Free Space Map data structure - Mailing list pgsql-hackers

The last thread about Free Space Map evolved into discussion about 
whether the FSM and other kinds of auxiliary data should be stored 
within the heap pages, in "map forks", or auxiliary relfilenodes 
attached to the relation. It seems the consensus was to go with the map 
forks, but what I really wanted to discuss is the data structure needed 
for the Free Space Map.

The FSM data structure needs to support two basic operations:

1. Fast lookup of page with >= X bytes of free space
2. Update of arbitrary, individual pages.

Our current code doesn't support 2, as we always update the FSM in bulk 
after vacuum, but we will need that capability to be able to do partial 
vacuums in the future.

Additionally, the data structure needs to be "pageable", so that we can 
efficiently store it in pages that can be loaded in the buffer cache on 
demand, and not require a fixed size shared memory block.

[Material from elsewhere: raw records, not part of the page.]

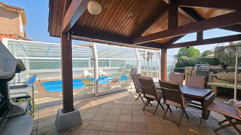 ¡EN VENTA CON ALTA RENTABILIDAD! CHALET PAREADO EN VILLANUEVA DE LA CAÑADA (MADRID)YES HOME | Servicios Inmobiliarios ofrece en Venta, actualmente con Alta Rentabilidad Chalet Pareado en el centro urbano de Villanueva de la Cañada, Madrid.Excelente ubicación, ya que se encuentra en zona residencial en pleno casco urbano de Villanueva de la Cañada. Zona dotada con amplia oferta de servicios cercanos tales como supermercados, farmacias y centros de salud. A tan solo 5 minutos en un agradable paseo de la Calle Cristo donde se puede disfrutar de la variada oferta existente en restauración y ocio.Con muy buena comunicación en transporte público, con diversas líneas autobús en su cercanía. En cuanto a vehículo privado, fácil acceso a las principales vías de comunicación en dirección Madrid centro y sus alrededores.Este amplio chalet se encuentra edificado sobre una parcela de 352 m2, posee una superficie construida de 453 m2, distribuidos en cuatro plantas. Cuenta con Ocho Habitaciones, Cuatro Cuartos de baño y adicionalmente un Piso independiente con un dormitorio y un baño completo.Planta baja dispone de:· Hall de entrada.· Amplio Salón-Comedor con Chimenea y amplios Ventanales que invitan el disfrute de la Piscina Acristalada, Terraza con pérgola y al Jardín con Barbacoa. · Cocina independiente y equipada con todos los electrodomésticos (vitrocerámica, horno, microondas, frigorífico y más).· Dormitorio con armario empotrado y ventana hacia el jardín.· Cuarto de Baño con bañera.Primera planta:· Tres Dormitorios con armarios empotrados y ventanas.· Cuarto de Baño con bañera.· Dormitorio Principal con Baño en Suite con bañera.Segunda Planta - Buhardilla:· Tres amplios Dormitorios con ventanas tipo velux.· Cuarto de Baño con plato de duchaPlanta Semi-Sótano:Piso con entrada Independiente, con una superficie de 65 m2 y con la siguiente distribución del espacio:· Salón-Comedor· La cocina tipo americana es un punto destacado de la propiedad, ya que se encuentra completamente amueblada y equipada con todos los electrodomésticos - frigorífico, lavadora, horno, vitrocerámica, microondas, campana extractora -.· La habitación es luminosa, se encuentra amueblada con una cama doble con canapé. Así mismo, cuenta con un Vestidor de grandes dimensiones.· Cuarto de baño completo, con plato de ducha.· Garaje para un coche. La propiedad dispone de una inmejorable entrada de luz en todas las estancias, gracias a la variedad y disposición de sus de ventanas con vistas al exterior.La venta de éste Chalet en Rentabilidad se ofrece amueblado en su totalidad, las habitaciones cuentan con camas dobles, escritorio, sillas, espacio para almacenamiento. Es un inmueble pensado actualmente para estudiantes para que su estancia sea muy cómoda y confortable ya que se encuentra muy cerca de la UAX.Esta amplia vivienda lista para ingresar a vivir, ofrece diversas opciones de adaptación a las necesidades de los nuevos propietarios. Especialmente como inversión segura y atractiva a través de su arrendamiento, en una zona de alta demanda, O como una excelente oportunidad para aquellos que buscan un lugar tranquilo y cómodo para vivir, ideal para familias numerosas. ¡No esperes más y contáctanos para obtener más información!Estamos a su disposición para cualquier consulta o visita que desee realizar.Honorarios Compartidos entre el Comprador y el Vendedor... los más Bajos del Mercado.
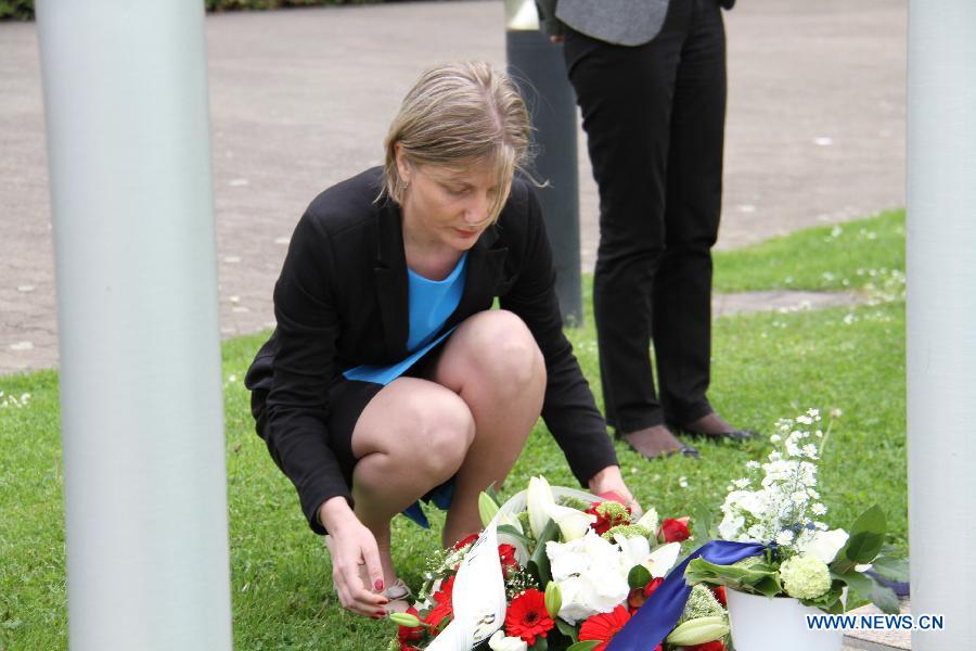 A representative lays bouquet during the commemorative event held by the Council of Europe to mark the 70th anniversary of victory in the World Anti-Fascist War at the headquarters of the Council of Europe in Strasbourg, France, May 9, 2015. (Xinhua/Lu Suyan)
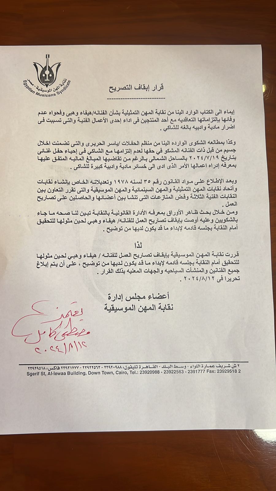 وبعد فحص الشكوى تبين صحة كل ما جاء على لسان الشاكي لتتلاقى إدارة وقرارات لجنتي التحقيق والشئون القانونية بنقابتي المهن الموسيقية والتمثيلية، حيث قررا عدم منح أي تصريح عمل للفنانة هيفاء وهبي لإقامة حفلات فنية أو ممارسة مهنة التمثيل لحين فض المنازعات الواردة للنقابتين.
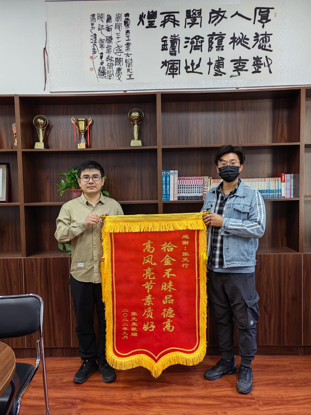 公司制药工程系教师张天行于今年1月28日下午在包头市东河区巴彦塔拉大街上捡到一部九成新的手机,因手机加密无法寻找到失主,他想到失主因丢失手机心情焦急,会造成诸多不便,经过多方打听,及时联系有关部门,最终找到失主。失主为表感谢,给予感谢金,但张天行老师婉拒,表示物归原主是应该做的事情。9月7日,失主委托家人特意到公司对张天行老师表示感谢,送来锦旗和感谢信。

The simplest conceivable data structure is a straight array, where nth 
element is the free space on page n. That's easily pageable, and 
provides O(1) lookup/update of arbitrary page. Unfortunately it's slow 
to search for a page with X bytes of free space in that.

One brilliant idea I had, is a binary heap/tree kind of structure, where 
each heap page is represented by one leaf node. Each leaf node stores 
the amount of free space on the corresponding heap apge. Each non-leaf 
node stores the max. amount of free space in any of its children. So the 
top-most node immediately tells the max. amount of free space on *any* 
page, which means that to find out that there's no suitable page is a 
O(1) operation, which is good when you're inserting to a full relation. 
When you're looking for X bytes, you traverse the tree down a path with 
nodes > X.

For example:
    9 4     9
2 4   0 9

The leaf nodes correspond the heap pages, so page #0 has 2 units of free 
space, page #1 has 4, page #1 is full and page has 9.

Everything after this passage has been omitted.